**Records provided**
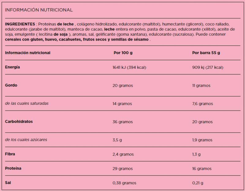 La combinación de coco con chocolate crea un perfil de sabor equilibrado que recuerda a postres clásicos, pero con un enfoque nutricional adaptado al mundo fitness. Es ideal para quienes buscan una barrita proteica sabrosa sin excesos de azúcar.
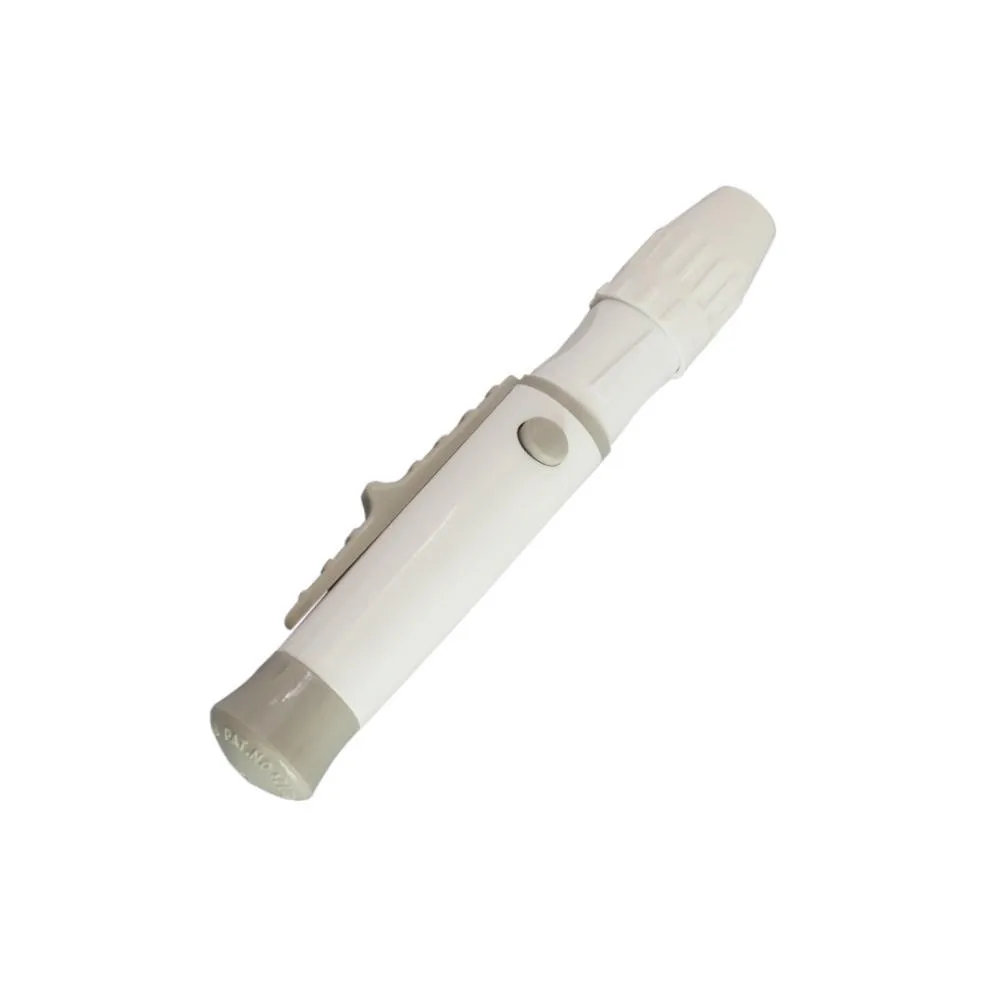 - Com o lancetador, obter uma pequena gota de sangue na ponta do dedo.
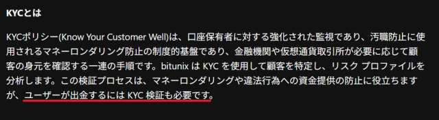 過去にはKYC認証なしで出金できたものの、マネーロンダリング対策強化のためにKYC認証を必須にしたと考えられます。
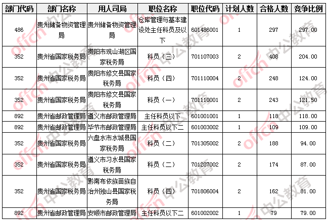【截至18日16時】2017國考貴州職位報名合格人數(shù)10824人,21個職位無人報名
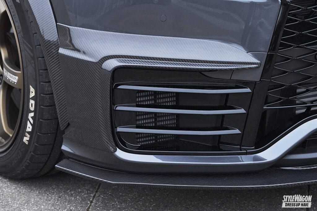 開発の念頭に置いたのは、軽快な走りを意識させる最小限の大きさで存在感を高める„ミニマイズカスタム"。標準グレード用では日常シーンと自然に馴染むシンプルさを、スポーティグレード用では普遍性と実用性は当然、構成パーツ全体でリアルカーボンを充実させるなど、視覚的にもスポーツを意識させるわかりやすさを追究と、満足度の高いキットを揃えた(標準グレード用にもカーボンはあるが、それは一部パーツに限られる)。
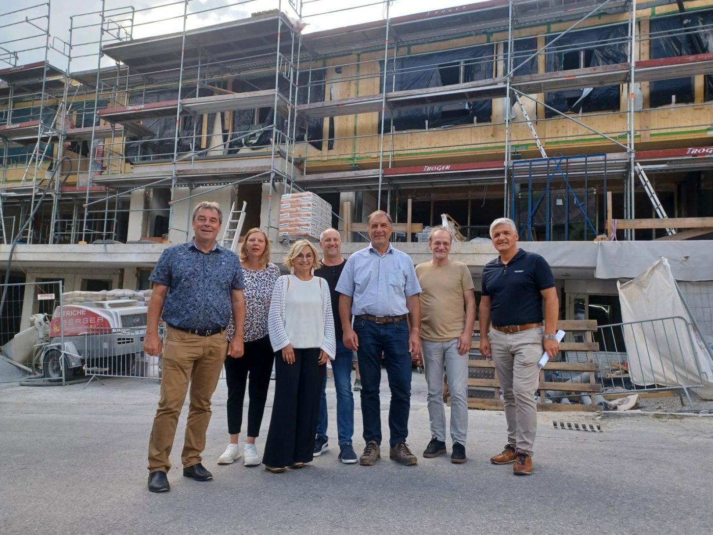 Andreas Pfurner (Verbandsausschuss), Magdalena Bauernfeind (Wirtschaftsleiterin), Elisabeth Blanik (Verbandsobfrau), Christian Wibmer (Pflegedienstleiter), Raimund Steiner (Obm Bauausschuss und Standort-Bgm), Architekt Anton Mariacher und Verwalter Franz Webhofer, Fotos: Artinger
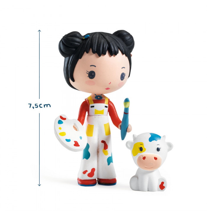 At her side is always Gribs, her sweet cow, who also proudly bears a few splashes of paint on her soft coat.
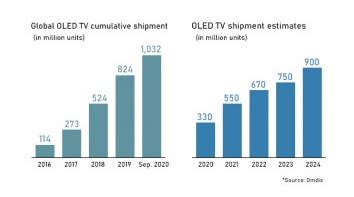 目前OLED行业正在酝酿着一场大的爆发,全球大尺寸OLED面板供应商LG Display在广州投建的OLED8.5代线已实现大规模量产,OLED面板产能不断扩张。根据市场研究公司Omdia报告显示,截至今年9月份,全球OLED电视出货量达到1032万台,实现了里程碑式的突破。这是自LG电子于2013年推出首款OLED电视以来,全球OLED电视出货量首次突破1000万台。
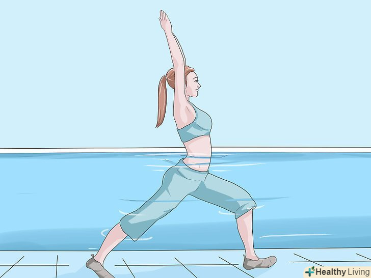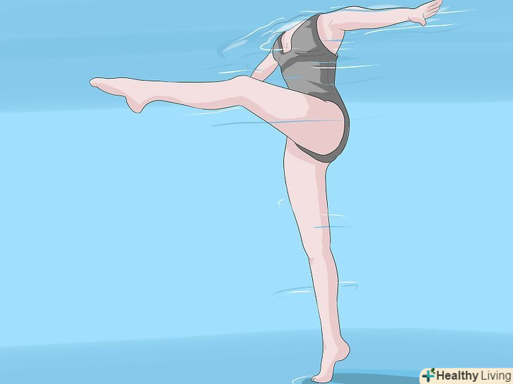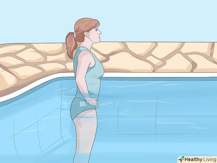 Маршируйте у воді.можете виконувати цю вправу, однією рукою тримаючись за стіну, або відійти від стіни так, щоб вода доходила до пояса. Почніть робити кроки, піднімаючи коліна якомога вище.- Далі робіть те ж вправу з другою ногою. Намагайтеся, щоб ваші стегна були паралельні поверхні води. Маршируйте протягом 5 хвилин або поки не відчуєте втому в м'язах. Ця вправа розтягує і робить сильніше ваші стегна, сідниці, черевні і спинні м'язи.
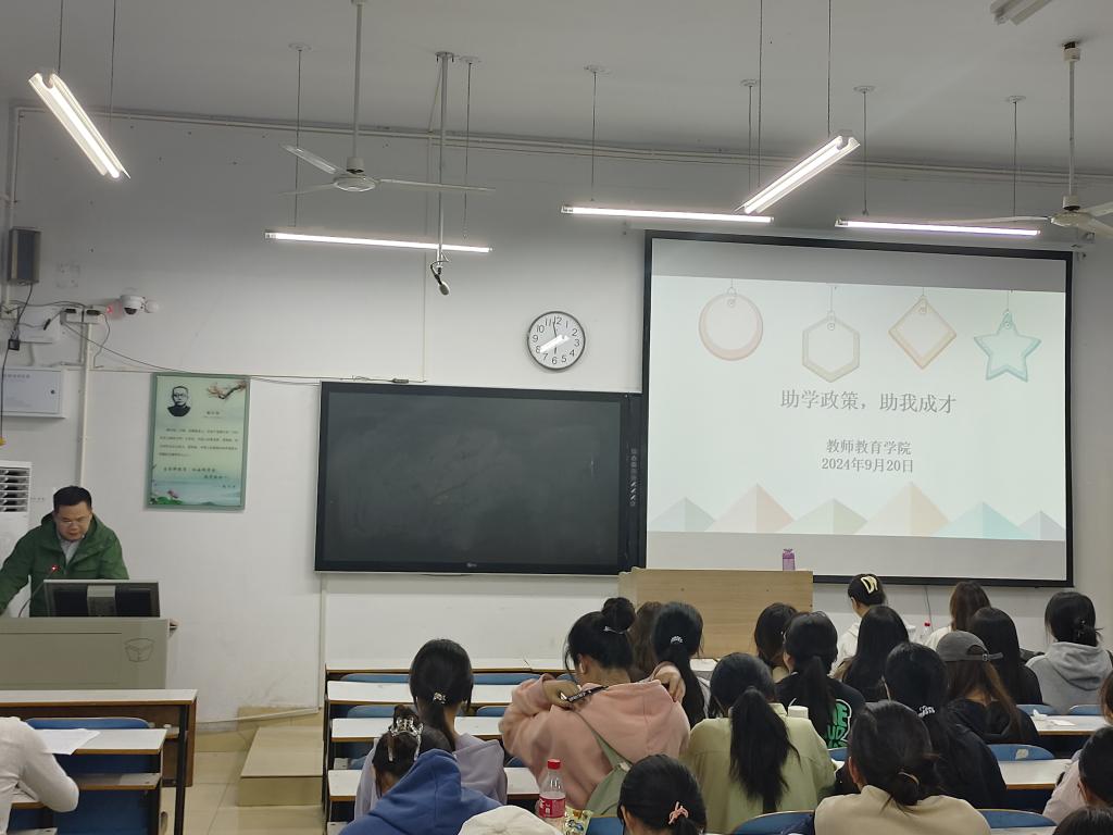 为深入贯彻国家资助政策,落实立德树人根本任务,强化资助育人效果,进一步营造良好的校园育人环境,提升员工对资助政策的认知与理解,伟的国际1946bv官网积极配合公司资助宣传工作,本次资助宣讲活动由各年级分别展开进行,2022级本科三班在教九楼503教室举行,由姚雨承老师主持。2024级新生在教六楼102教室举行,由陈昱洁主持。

---

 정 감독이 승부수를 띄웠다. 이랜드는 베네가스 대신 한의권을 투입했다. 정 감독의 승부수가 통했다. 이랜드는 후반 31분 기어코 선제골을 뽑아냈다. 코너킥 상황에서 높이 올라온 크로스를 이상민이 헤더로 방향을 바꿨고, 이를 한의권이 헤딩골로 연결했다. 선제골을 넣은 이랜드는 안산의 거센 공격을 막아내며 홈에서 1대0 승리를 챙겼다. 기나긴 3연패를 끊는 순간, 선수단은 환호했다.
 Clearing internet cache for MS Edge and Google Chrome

**Assignment**
Beginning with the line above that has "- Com o lancetador, obter" and going on through the line that has "目前OLED行业正在酝酿着一", retype every line exactly and add nothing else; drop the pictures.

**Response to the exercise**
 - Com o lancetador, obter uma pequena gota de sangue na ponta do dedo.
 過去にはKYC認証なしで出金できたものの、マネーロンダリング対策強化のためにKYC認証を必須にしたと考えられます。
【截至18日16時】2017國考貴州職位報名合格人數(shù)10824人,21個職位無人報名
 開発の念頭に置いたのは、軽快な走りを意識させる最小限の大きさで存在感を高める„ミニマイズカスタム"。標準グレード用では日常シーンと自然に馴染むシンプルさを、スポーティグレード用では普遍性と実用性は当然、構成パーツ全体でリアルカーボンを充実させるなど、視覚的にもスポーツを意識させるわかりやすさを追究と、満足度の高いキットを揃えた(標準グレード用にもカーボンはあるが、それは一部パーツに限られる)。
 Andreas Pfurner (Verbandsausschuss), Magdalena Bauernfeind (Wirtschaftsleiterin), Elisabeth Blanik (Verbandsobfrau), Christian Wibmer (Pflegedienstleiter), Raimund Steiner (Obm Bauausschuss und Standort-Bgm), Architekt Anton Mariacher und Verwalter Franz Webhofer, Fotos: Artinger
 At her side is always Gribs, her sweet cow, who also proudly bears a few splashes of paint on her soft coat.
 目前OLED行业正在酝酿着一场大的爆发,全球大尺寸OLED面板供应商LG Display在广州投建的OLED8.5代线已实现大规模量产,OLED面板产能不断扩张。根据市场研究公司Omdia报告显示,截至今年9月份,全球OLED电视出货量达到1032万台,实现了里程碑式的突破。这是自LG电子于2013年推出首款OLED电视以来,全球OLED电视出货量首次突破1000万台。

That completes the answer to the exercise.